> _Task brief_
Taking the line with "男性向けラノベタイトル風あだ名 | 『おまえをオタクにしてやるから、俺をしなべにしてくれ! 』 |" as the first, copy every line through the end of the records below exactly. Do not include pictures.
Dataset excerpts START
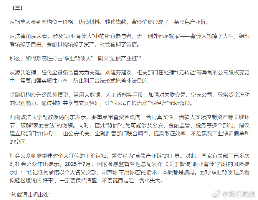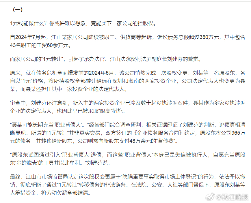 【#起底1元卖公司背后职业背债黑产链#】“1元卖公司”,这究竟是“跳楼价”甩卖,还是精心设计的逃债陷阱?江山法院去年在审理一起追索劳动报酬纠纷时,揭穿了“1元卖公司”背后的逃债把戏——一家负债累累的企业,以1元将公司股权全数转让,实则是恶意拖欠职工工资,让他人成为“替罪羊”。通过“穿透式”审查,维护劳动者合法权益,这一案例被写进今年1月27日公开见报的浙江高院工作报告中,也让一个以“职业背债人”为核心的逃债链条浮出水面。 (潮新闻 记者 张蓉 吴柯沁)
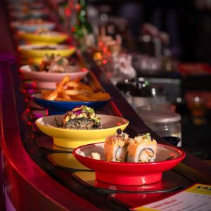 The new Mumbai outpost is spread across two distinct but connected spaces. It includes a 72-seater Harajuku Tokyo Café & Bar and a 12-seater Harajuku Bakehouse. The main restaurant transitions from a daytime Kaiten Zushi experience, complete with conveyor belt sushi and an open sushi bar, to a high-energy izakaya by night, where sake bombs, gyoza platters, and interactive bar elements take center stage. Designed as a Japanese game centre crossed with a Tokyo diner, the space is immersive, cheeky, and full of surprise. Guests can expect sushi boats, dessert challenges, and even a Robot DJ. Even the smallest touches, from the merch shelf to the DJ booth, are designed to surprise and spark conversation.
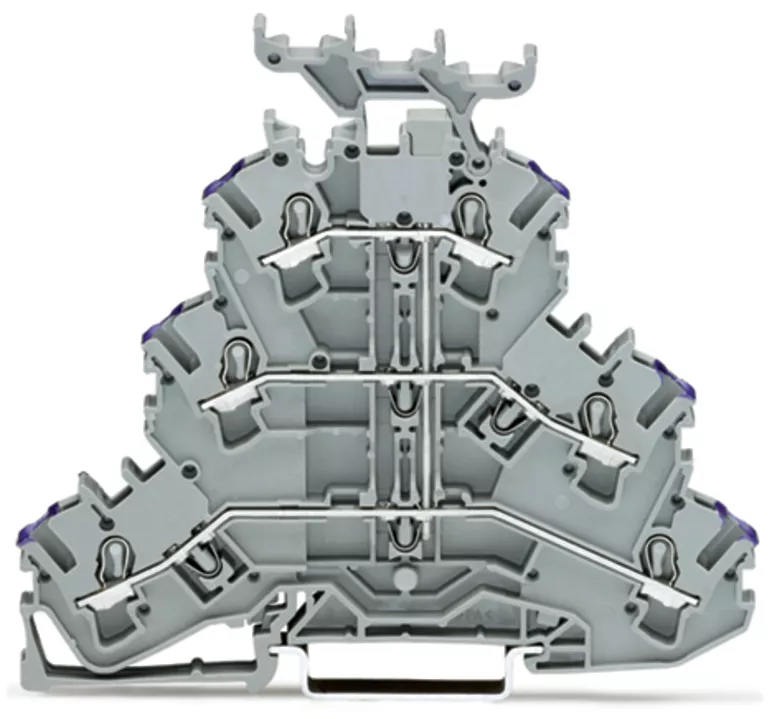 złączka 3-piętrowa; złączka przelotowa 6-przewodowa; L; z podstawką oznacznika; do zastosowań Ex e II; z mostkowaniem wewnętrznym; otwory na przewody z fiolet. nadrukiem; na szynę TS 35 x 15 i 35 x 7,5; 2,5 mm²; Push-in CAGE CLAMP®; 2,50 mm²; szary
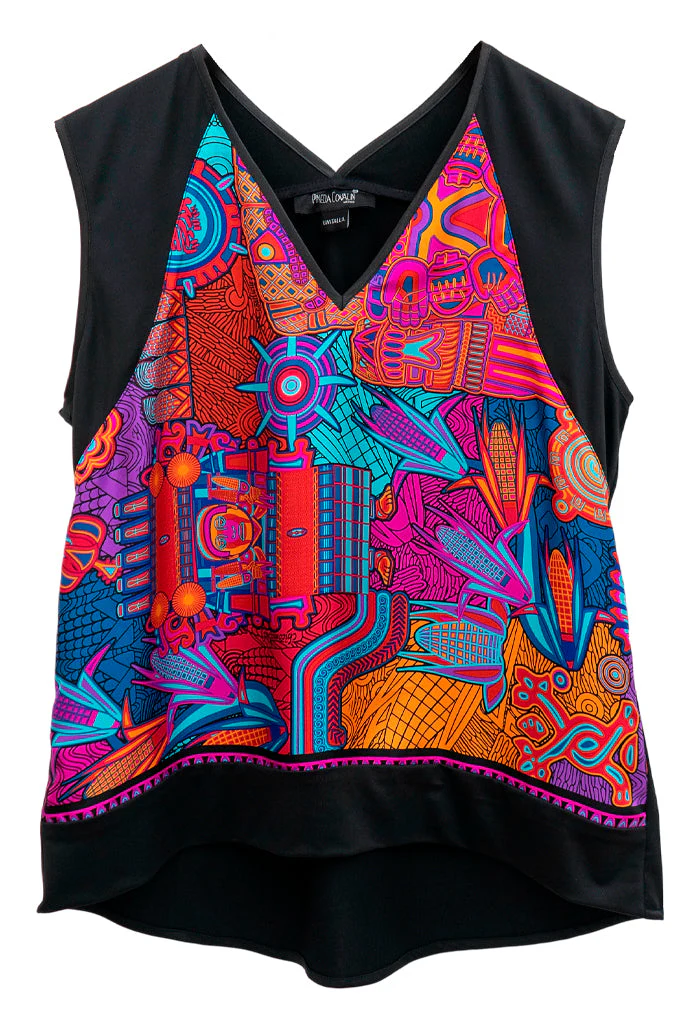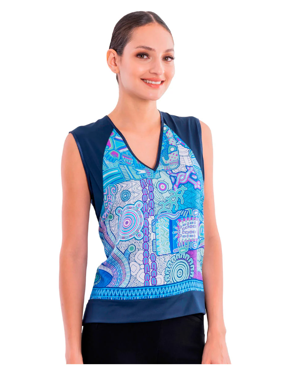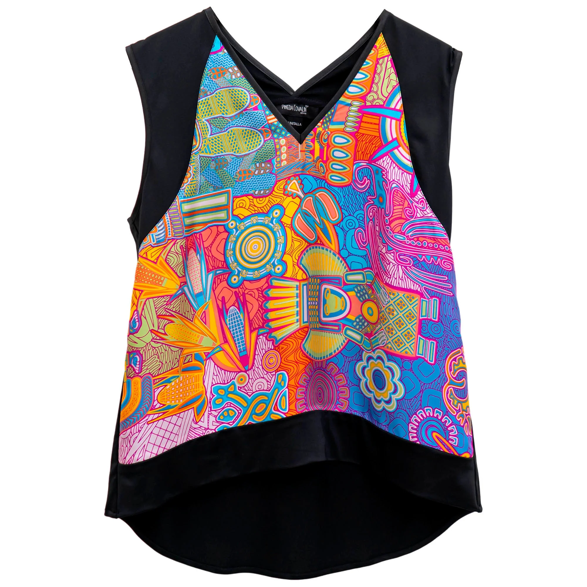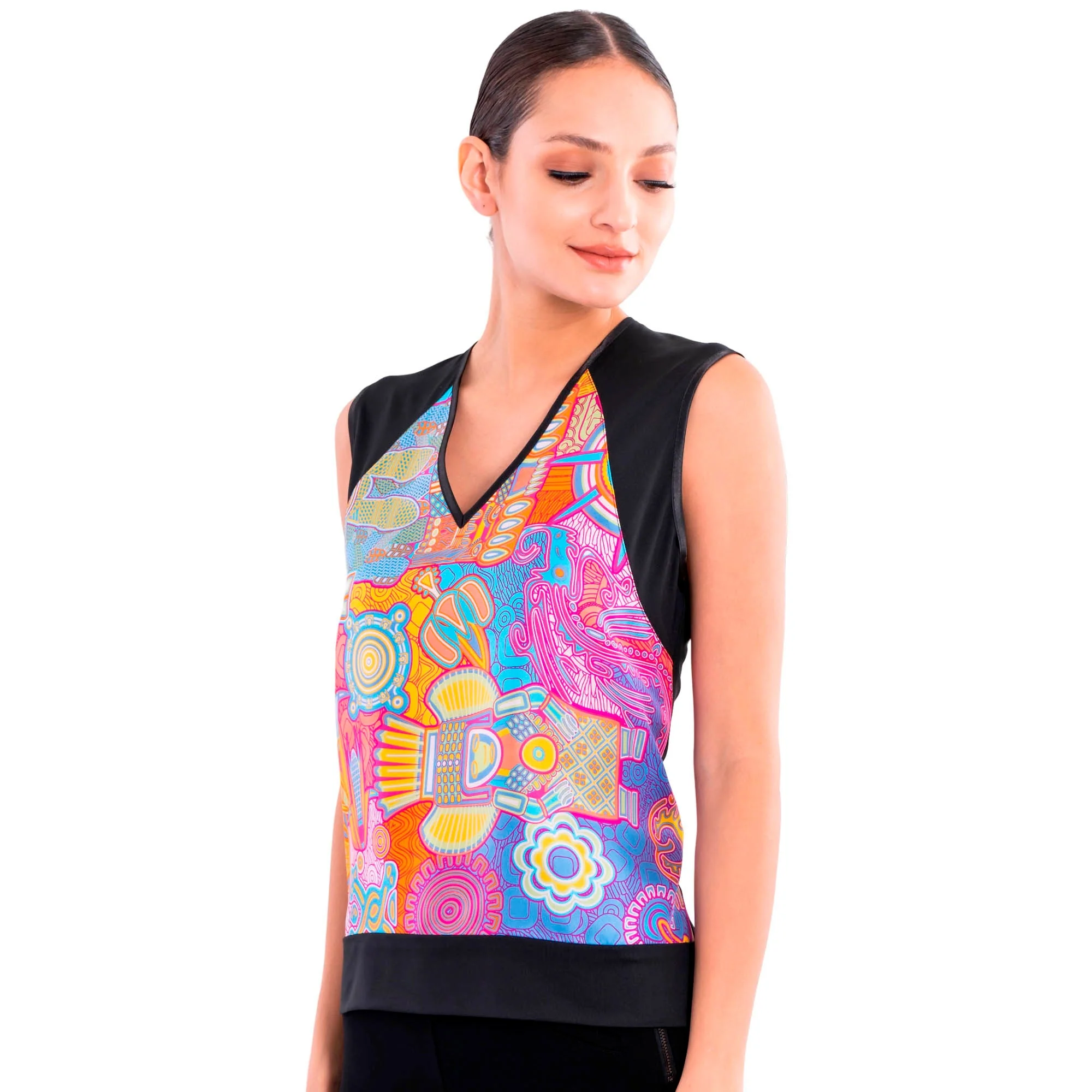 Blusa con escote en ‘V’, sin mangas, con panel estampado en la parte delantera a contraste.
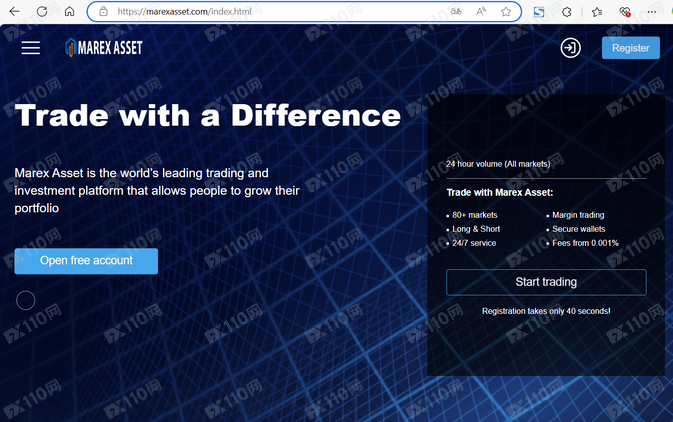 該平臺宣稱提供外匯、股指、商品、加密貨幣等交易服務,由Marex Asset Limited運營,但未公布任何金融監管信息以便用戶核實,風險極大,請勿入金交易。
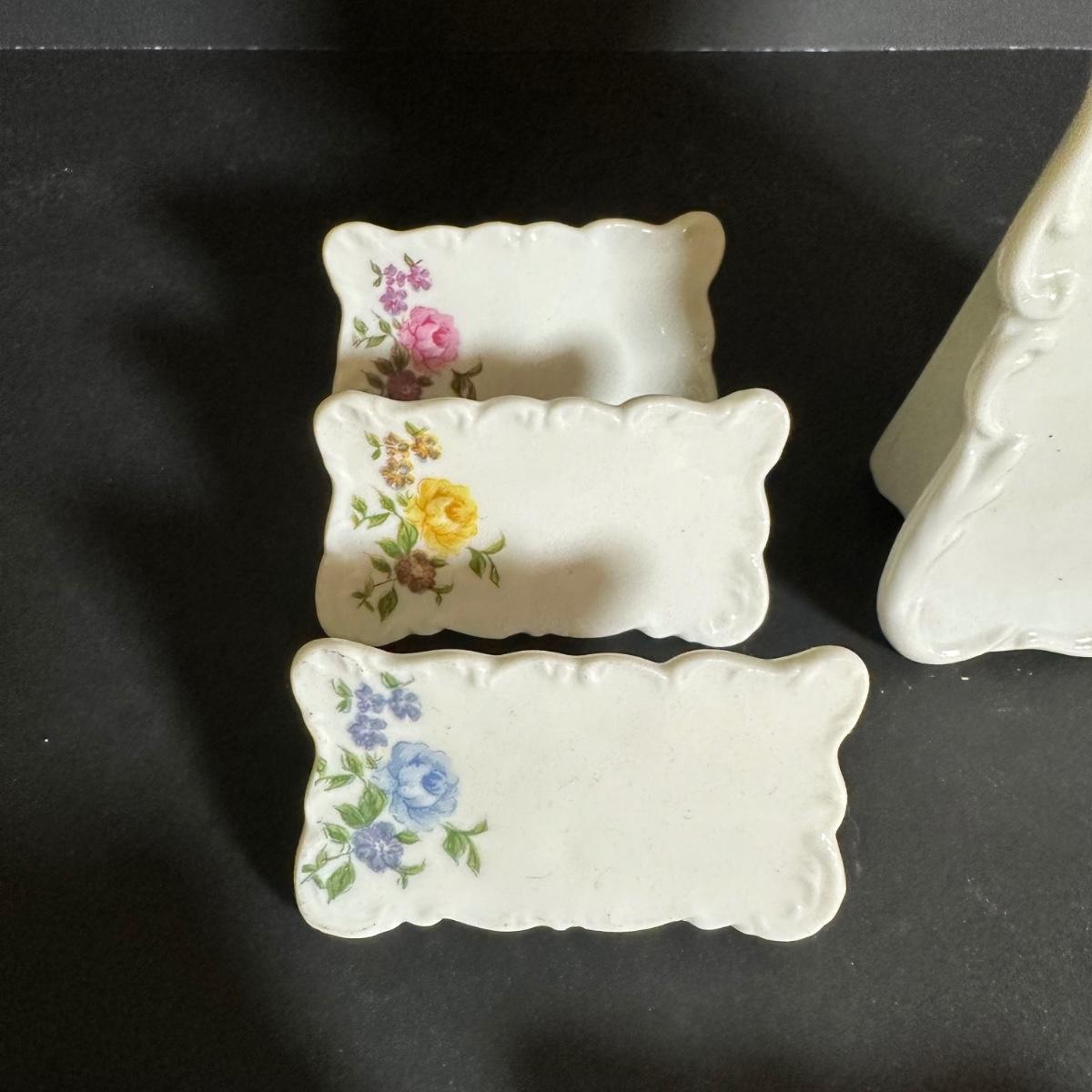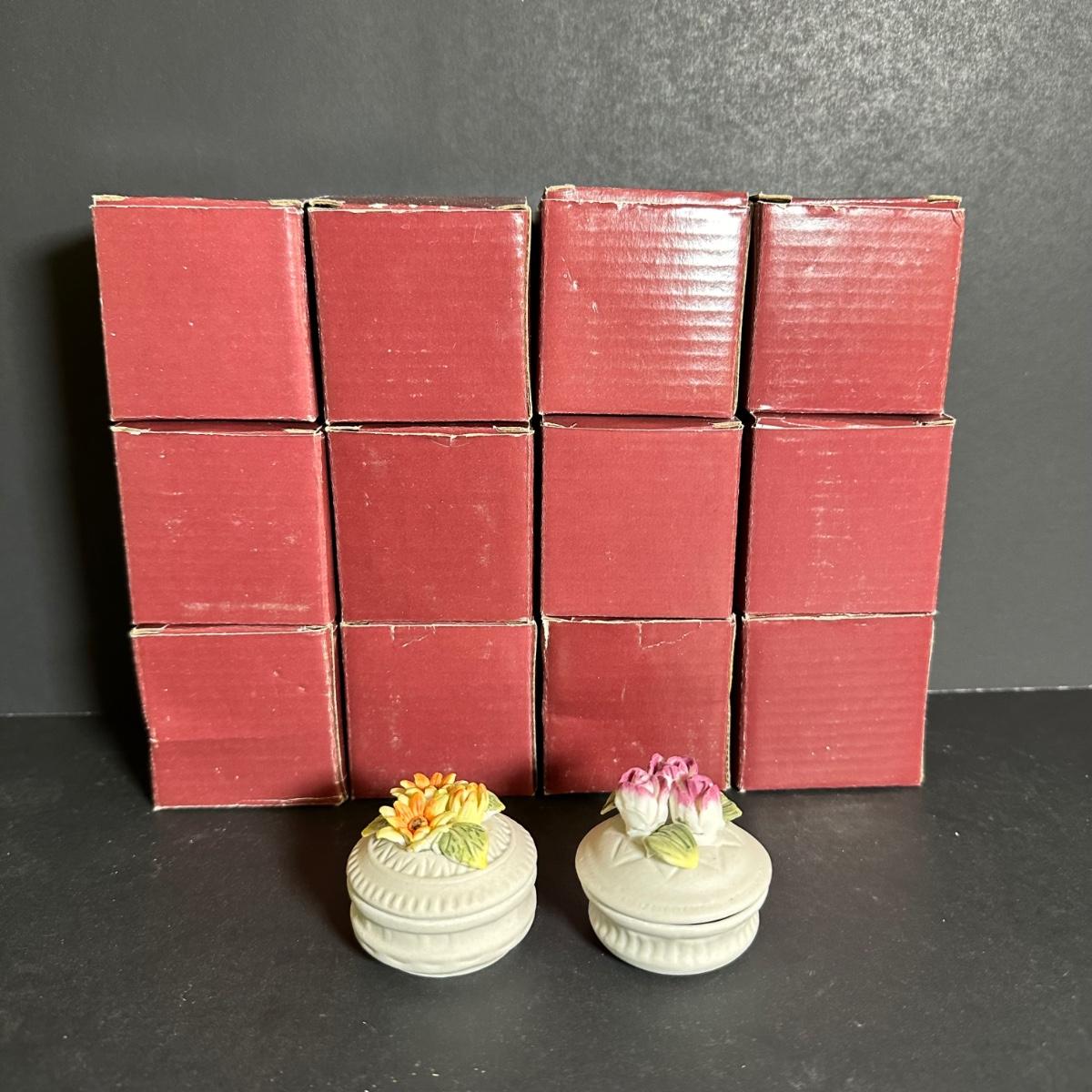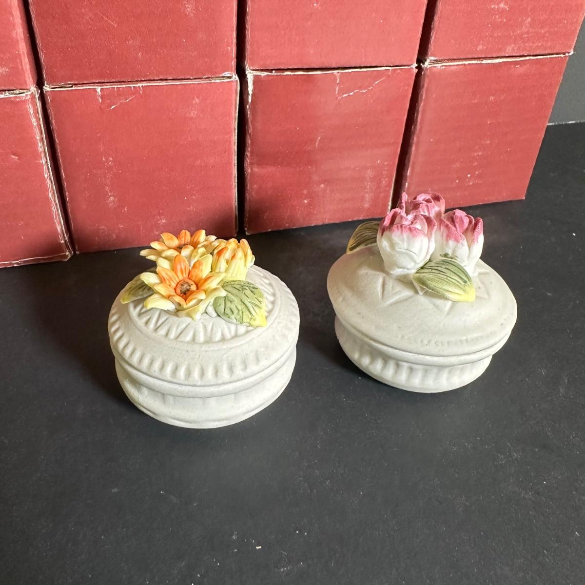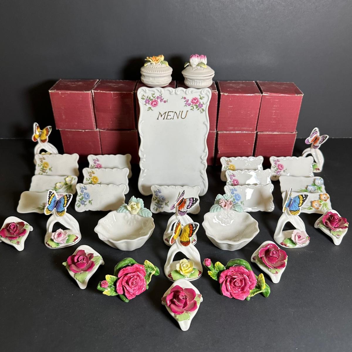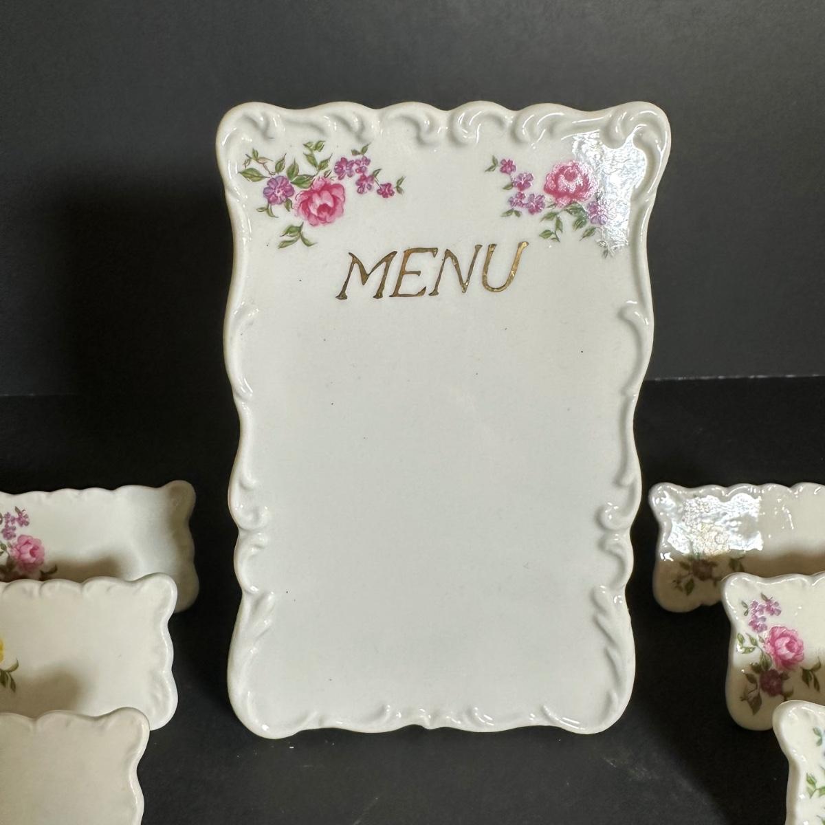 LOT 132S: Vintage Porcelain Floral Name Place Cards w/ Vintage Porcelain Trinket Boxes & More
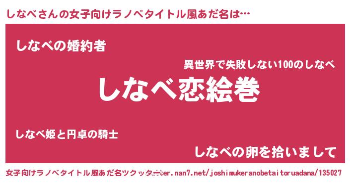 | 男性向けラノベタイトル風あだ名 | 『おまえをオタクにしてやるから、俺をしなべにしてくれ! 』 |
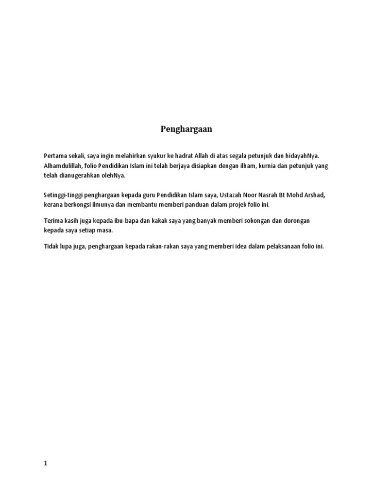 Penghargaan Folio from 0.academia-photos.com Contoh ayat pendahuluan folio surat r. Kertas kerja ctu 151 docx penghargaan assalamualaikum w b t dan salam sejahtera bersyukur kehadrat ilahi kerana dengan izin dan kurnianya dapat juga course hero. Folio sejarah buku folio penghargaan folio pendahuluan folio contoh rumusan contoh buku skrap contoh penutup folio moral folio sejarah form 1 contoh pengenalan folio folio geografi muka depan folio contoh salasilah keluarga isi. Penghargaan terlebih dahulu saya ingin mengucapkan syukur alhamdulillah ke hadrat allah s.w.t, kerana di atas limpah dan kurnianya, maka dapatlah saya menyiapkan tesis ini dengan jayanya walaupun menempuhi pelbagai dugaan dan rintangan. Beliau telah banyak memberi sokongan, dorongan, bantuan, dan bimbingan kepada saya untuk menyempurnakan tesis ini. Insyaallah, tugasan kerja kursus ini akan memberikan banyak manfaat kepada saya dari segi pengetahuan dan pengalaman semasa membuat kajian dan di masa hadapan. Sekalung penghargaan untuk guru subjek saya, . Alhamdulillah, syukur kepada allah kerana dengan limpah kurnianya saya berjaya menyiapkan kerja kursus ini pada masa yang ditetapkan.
Dataset excerpts END
> _Solution to this task_
 | 男性向けラノベタイトル風あだ名 | 『おまえをオタクにしてやるから、俺をしなべにしてくれ! 』 |
 Penghargaan Folio from 0.academia-photos.com Contoh ayat pendahuluan folio surat r. Kertas kerja ctu 151 docx penghargaan assalamualaikum w b t dan salam sejahtera bersyukur kehadrat ilahi kerana dengan izin dan kurnianya dapat juga course hero. Folio sejarah buku folio penghargaan folio pendahuluan folio contoh rumusan contoh buku skrap contoh penutup folio moral folio sejarah form 1 contoh pengenalan folio folio geografi muka depan folio contoh salasilah keluarga isi. Penghargaan terlebih dahulu saya ingin mengucapkan syukur alhamdulillah ke hadrat allah s.w.t, kerana di atas limpah dan kurnianya, maka dapatlah saya menyiapkan tesis ini dengan jayanya walaupun menempuhi pelbagai dugaan dan rintangan. Beliau telah banyak memberi sokongan, dorongan, bantuan, dan bimbingan kepada saya untuk menyempurnakan tesis ini. Insyaallah, tugasan kerja kursus ini akan memberikan banyak manfaat kepada saya dari segi pengetahuan dan pengalaman semasa membuat kajian dan di masa hadapan. Sekalung penghargaan untuk guru subjek saya, . Alhamdulillah, syukur kepada allah kerana dengan limpah kurnianya saya berjaya menyiapkan kerja kursus ini pada masa yang ditetapkan.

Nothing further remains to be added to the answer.